The Sea Air at Middlehead

                                          i.m. John James (Jack )Doucette 1889-1956
                                         Gassed and wounded at the  Battle of Arras, Vimy,
                                        1917, with the 85th Battalion, Nova Scotia Highlanders

        
                After the battle of Arras you wore rags round your eyes,
                        Jack, marching blindfolded from Vimy as if to
                execution, not in Singer Sargent’s Gassed, those are Brits
                        and Johnny-come-lately-Yanks, for the endgame of 18.
                Canadians fought long before, forever in the shadows now,
                        forever frozen in  time with wounds and froth corrupted
                lungs. In countless cenotaphs they hitch up their bronze capes,                                  
                       steady their frightened horses, roll their great guns.        
                Did you romance Mary Helen with your days in France?                                                
                       Deracinated Acadian Catholic, unlike the Irish and the                                 
                Mik’maq you could imagine fighting pour les ancêtres,
                        pour les vieilles cousines qui sont mortes depuis longtemps.

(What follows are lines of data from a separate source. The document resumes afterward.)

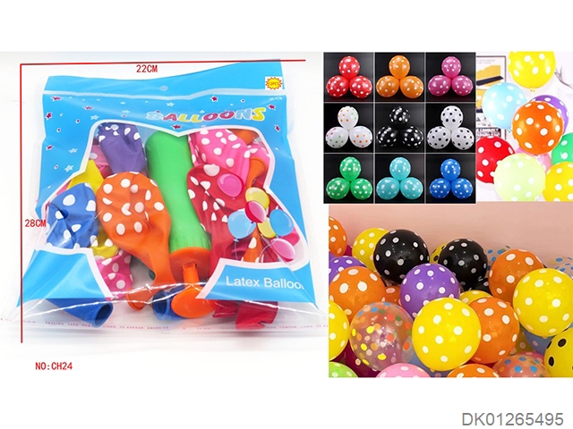 12 Dot patterned balloons and 1 pump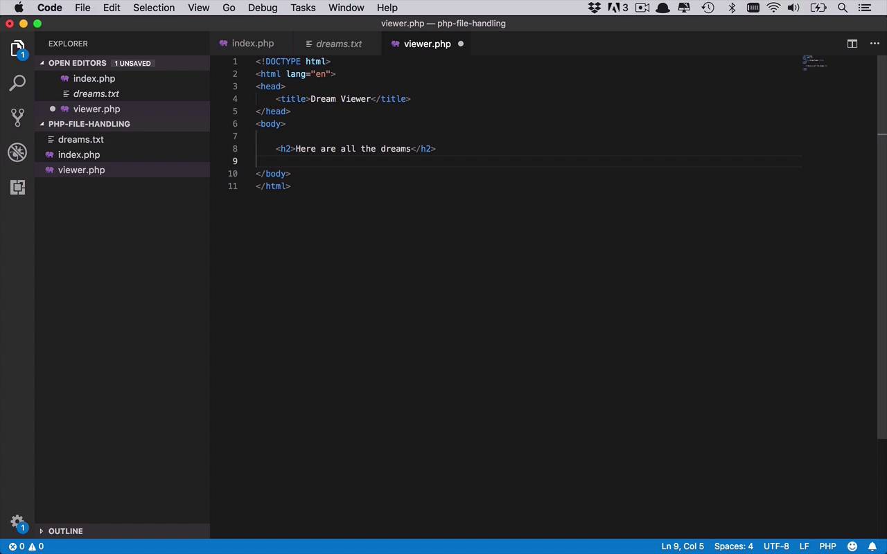 Now that we're actually able to successfully write the dreams to a file, let's start to build out the infrastructure to allow us to actually read these dreams and display them on a page. So the first thing that we wanna do is create a new page. So we're gonna create a New File, and let's call this one viewer.php. And then once again in here, we're gonna have an html file. We're gonna use html:5 again. And once again, we don't need all of this extra stuff in the header, but we'll give the title. We'll call this one the Dream Viewer. And what we wanna do in this case? Well, we wanna do some similar things that we did the actual index.php page. We wanna be able to have a function that's gonna handle the reading of the data from the file, and then actually displaying it. So lets kinda put those two things together here. So lets add another h2 and you could do this in PHP, or you could do it in straight html. I'm gonna do it in html, and we'll simply say here, Here are all the dreams. Then underneath it we're gonna create a list of combinations of the names and the dreams, and we'll just do that with a dl. Will do that with a definition list here Where we'll have terms and definitions, and we'll wind up filling this out with some stuff that we get from PHP. So we're gonna just put our PHP block in here, and we'll wind up calling something and doing something in here. And what do we wanna call? We wanna be able to call a function that's gonna be able to handle this reading for us. So we'll call read_dreams. and we don't have to pass anything in, and then we'll have to fill that out, right? We wanna be able to fill that out but in order for this to work we're gonna have to wrap this in a PHP tag just like that. So now we have our read_dreams function, and we are going to use that read_dreams function down here in our actual codes. Let's go ahead and save this. So what's gonna wind up happening is we'll have to go to the viewer.php. And then we'll see a list of all of the names and definitions, where all the names and dreams of people right here. So now we have the basic layout of what our code is gonna be. So over the next couple of lessons, we're gonna start to fill this out and see how we're gonna read the dreams. And ultimately, how we're gonna display them to the end user.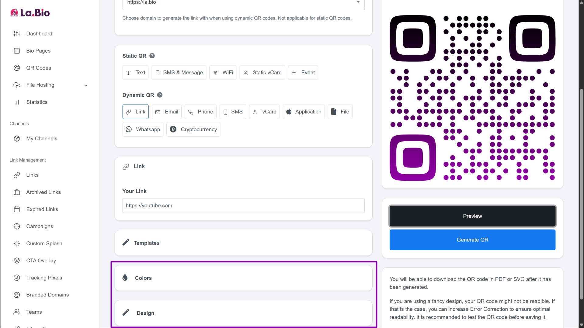 Customize (Optional): Switch to the Design tab to change the QR code’s color or style to match your brand identity.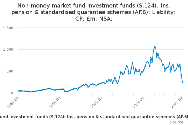 Download this time seriesNon-money market fund investment funds (S.124): Ins, pension & standardised guarantee schemes (AF.6): Liability: CP: £m: NSA: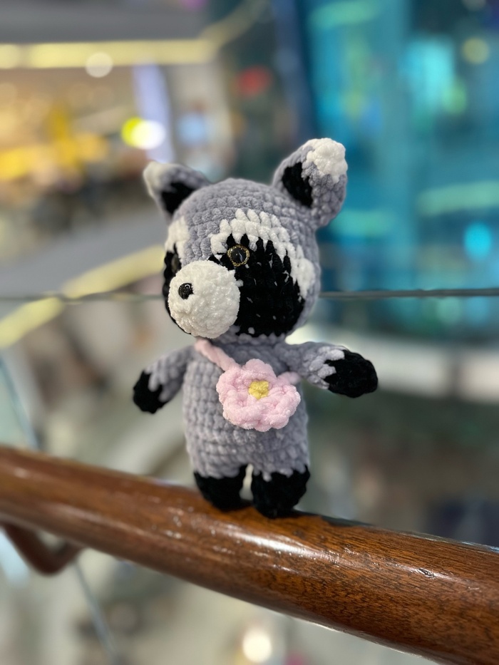 Это игрушка из коллекции игрушек с сумочками. Высота игрушки 22 см. Пряжа Himalaya Dolphin baby. Связана крючком 3 мм. Глаза на безопасном креплении.
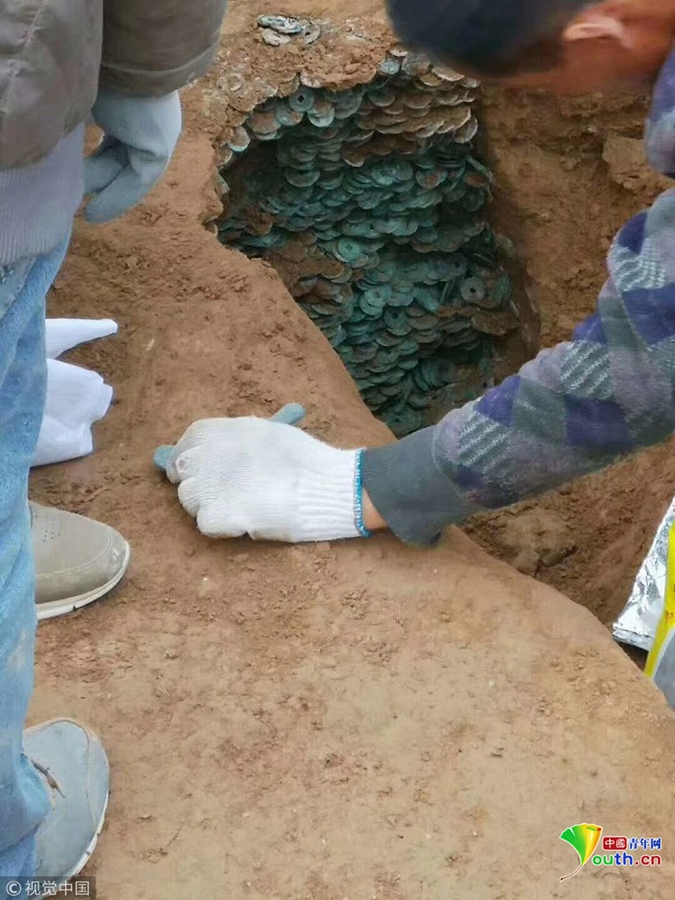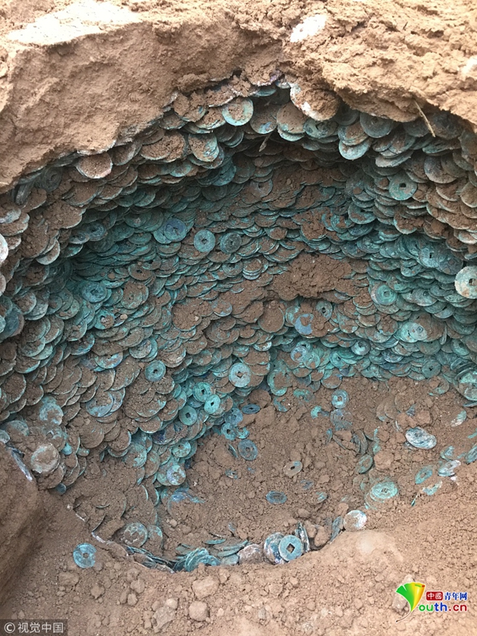 2018年11月9日,陜西渭南,白水一工地發現大量古幣,共清理發掘古幣920斤、約10萬枚。經初步鑒定,這些古幣多為北宋時期錢幣,初步判斷為一般文物,對研究當地經濟等有一定價值。圖片:視覺中國。文字:華商報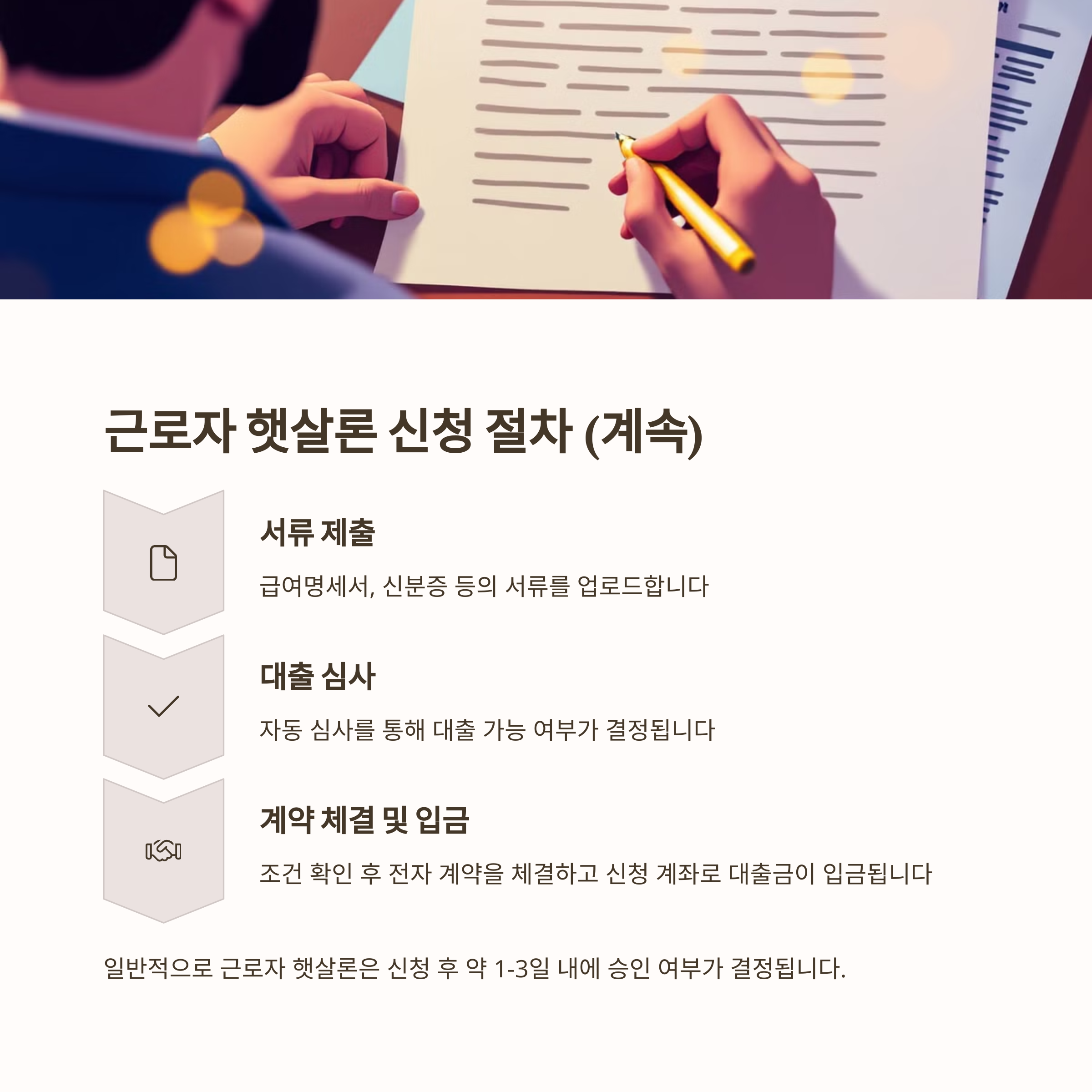 - 대출금 지급: 계약 완료 후 신청 계좌로 입금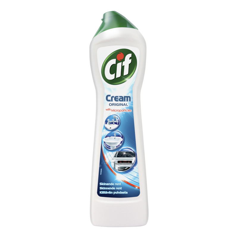 Эффективности чистящих средств Cif доверяют более чем в 50 странах. Cif Cream Original эффективно удаляет жир и грязь. Усовершенствованная композиция, содержащая микрочастицы, удаляет даже самые стойкие загрязнения, такие как сгоревшая пища и остатки известкового налета, на 100%. Благодаря новой композиции на очищаемой поверхности теперь достаточно меньше полосканий, что экономит воду и позволяет быстрее наслаждаться чистым домом.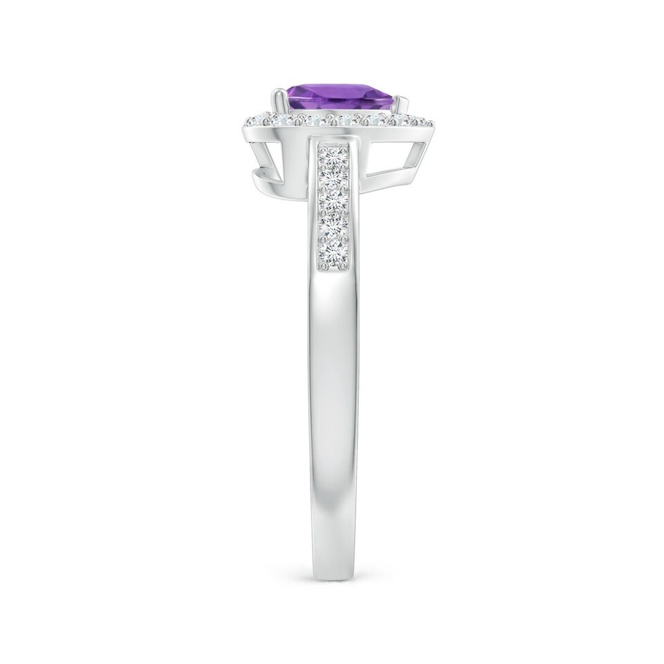 ANGARA 0.98 Ct Heart-Shaped Amethyst Halo Ring with Diamond in 14K White Gold
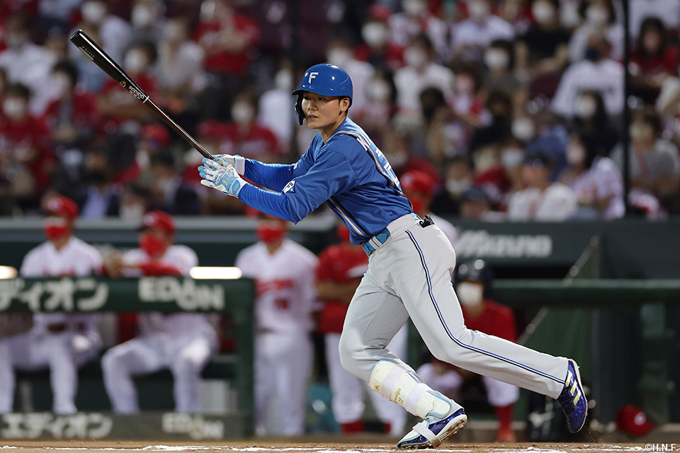 1番 松本剛 左2 内角低めのツーシームをレフトへ打ってツーベース 2塁 |

                The fairytale land of Longfellow, Borden and bronzed Evangeline.
                 .
                          The Road to the Keltic Lodge of Julia Corson, Rubber Baroness,                         
                sometime patient of faraway spas, recovered consumptive, Akron,                                 
                       Ohio, come from away nurtured in the air of Ingonish. Her                         
               delicate compromised lungs in complete remission, survivor
                        watching her loving Henry’s final breaths, and those old                                 
               friends who sent her North of Smokey—legendary Bells of Baddeck,
                        Alexander the great: his phones, planes and hydrofoils                                 
               mothballed now for museum shelves, school children, tourists.
                         Unlike Gatsby (that other great) his dominion over land, sea,
                and air outlasted  life, but labour leader MacLachlan (fellow Scot)                                 
                        would see the science as non-enlightened, corrupted in
                service of capital: machines for the military state of what is                                         
                        present, passing and to come.
                
                 None of this mattered to you, Jack, as you and your schoolteacher                                 
                       bride boarded the Aspy for Boston only to return in a year
                to work the gypsum mine in our baby badlands but that closed in
                        28 and then in a few short breaths consumption sent you                         
                packing as an inmate of old Point Edward, TB stigmata on your
                        battered lungs of Arras long since beyond the reach of the
                air of  Ingonish, the peace of Greencove.